Wherever the holy ground is, it is usually near that burning bush.

There is fear and courage in the wilderness. When Jesus is in the wild lands being challenged by the devil we do not know whether or not he was afraid, but we can guess that we would be. That’s one of the big pieces of being in the wilderness in the first place: being afraid. It is fearful to have your beliefs and convictions challenged. Even more than that, it is actually terrifying to come up against the work of evil in the world. We do know that Jesus responds to the Devil’s temptations courageously. He does not run from the challenge, nor does he stoop to the deceptive level of his challenger. Jesus responds by relying upon what he knows to be true and facing the difficult questions head on.

Fear is something we dread, deny, allow to consume us, or push away. But fear gives birth to courage. They are opposite sides of the same coin and if we have one, then we have access to the other. I think that the difference between fear and courage is faith. It isn’t that if we have enough faith we will never be afraid, it is that when we are afraid, our faith can use our fear to make courage.

And in the wilderness there is God’s call for us. The ways in which the devil tempts Jesus are, in a sense, the outline of a large portion of his earthly ministry. A significant piece of Jesus’ call was to resist these things and to obey God. For Moses, the whole outline of his life up to and including the exodus of the Israelites through the Red Sea was laid out for him by God there at the burning bush.

Sometimes it seems like those wilderness places are where we can really understand God’s purpose for our lives the very best. This can often be the case for us in a literal wilderness, too. Many of us may find that we can be still and listen to God when we are in the natural spaces, away from all the common everyday distractions. Maybe it’s because whether we are in the real or symbolic wild lands all those things that really do not matter have fallen away and the most valuable things rise up to our hearts and minds. Maybe it is because we are on holy ground or because those burning bushes have our full attention. God’s call shows up lots of places, not only in the wild lands, but sometimes being out there has a way of sharpening our senses.

And there is God in the wilderness. Of course, this seems like a given, doesn’t it? And that’s true, it is. After all, God is everywhere. But it often doesn’t seem so when you’re in the middle of a time of your life where it feels like you’ve been wandering around half lost and a long way from home for just about forever. Those can be the times when God seems a long, long way away, back home someplace where we left him on a shelf, in a book, in a building, on an altar.
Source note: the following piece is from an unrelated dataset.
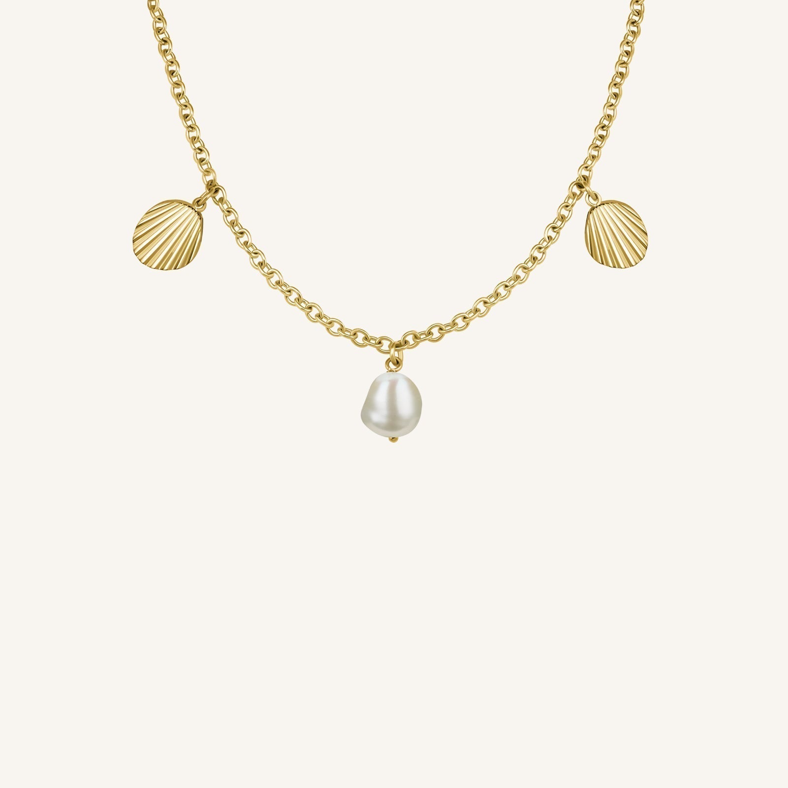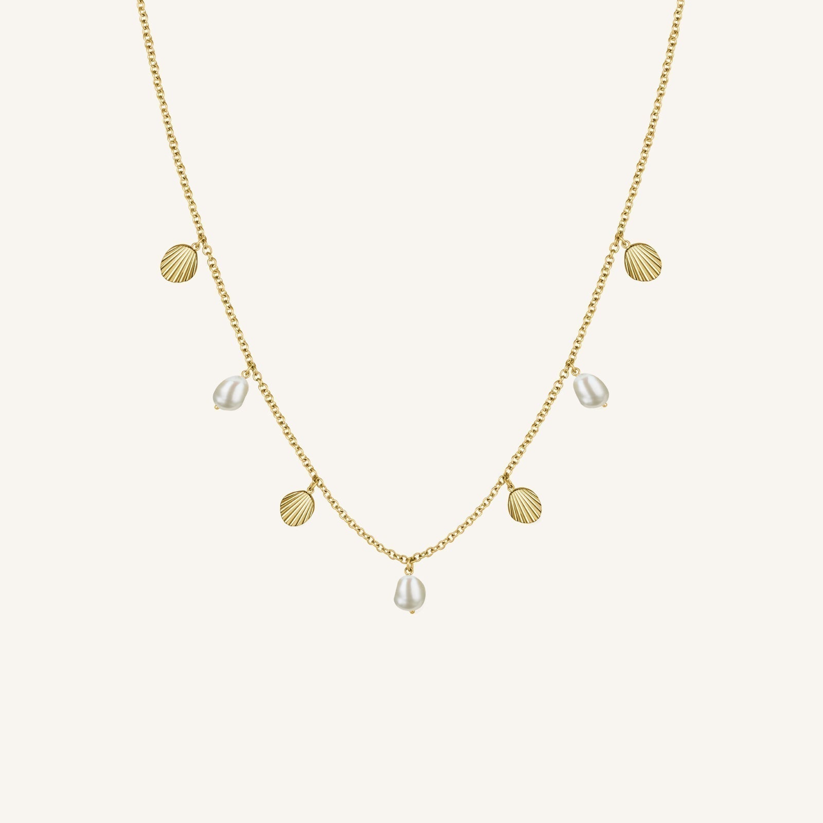 Cette création est confectionnée avec des breloques coquillages et perles. La longueur de la chaîne peut être ajustée facilement. Un essentiel de tous les jours, facile à assortir avec vos bijoux préférés.

God was never far from Moses, though Moses might have felt far from God, and God goes out of the way to make sure Moses doesn’t miss him in that burning bush. It was God the Holy Spirit who led or drove Jesus out into the wilderness in the first place and one of the gospel accounts says that angels were with him. No matter how inhospitable, alien or wild a landscape is, God is present. No matter how far from home, from the familiar, we find ourselves, God is never lost.

Maybe the wild lands exist so that we are reminded that God is not tame either. In the wilderness, both the literal and symbolic, we recognize our own lack of control over every detail, our smallness in comparison to the vastness of all things, our need for God. We have the chance to come to terms with the reality that we are not God, and we can also recognize our God given gifts of courage and faith. Above all else, the wilderness reminds us that there is no place God cannot and does not go with us.

Welcome to the jungle, the outback, the Antarctic, the wilderness of change, or any other kind of wild lands. And do not worry. Instead, come into the peace and grace of the wild things, for God is already here.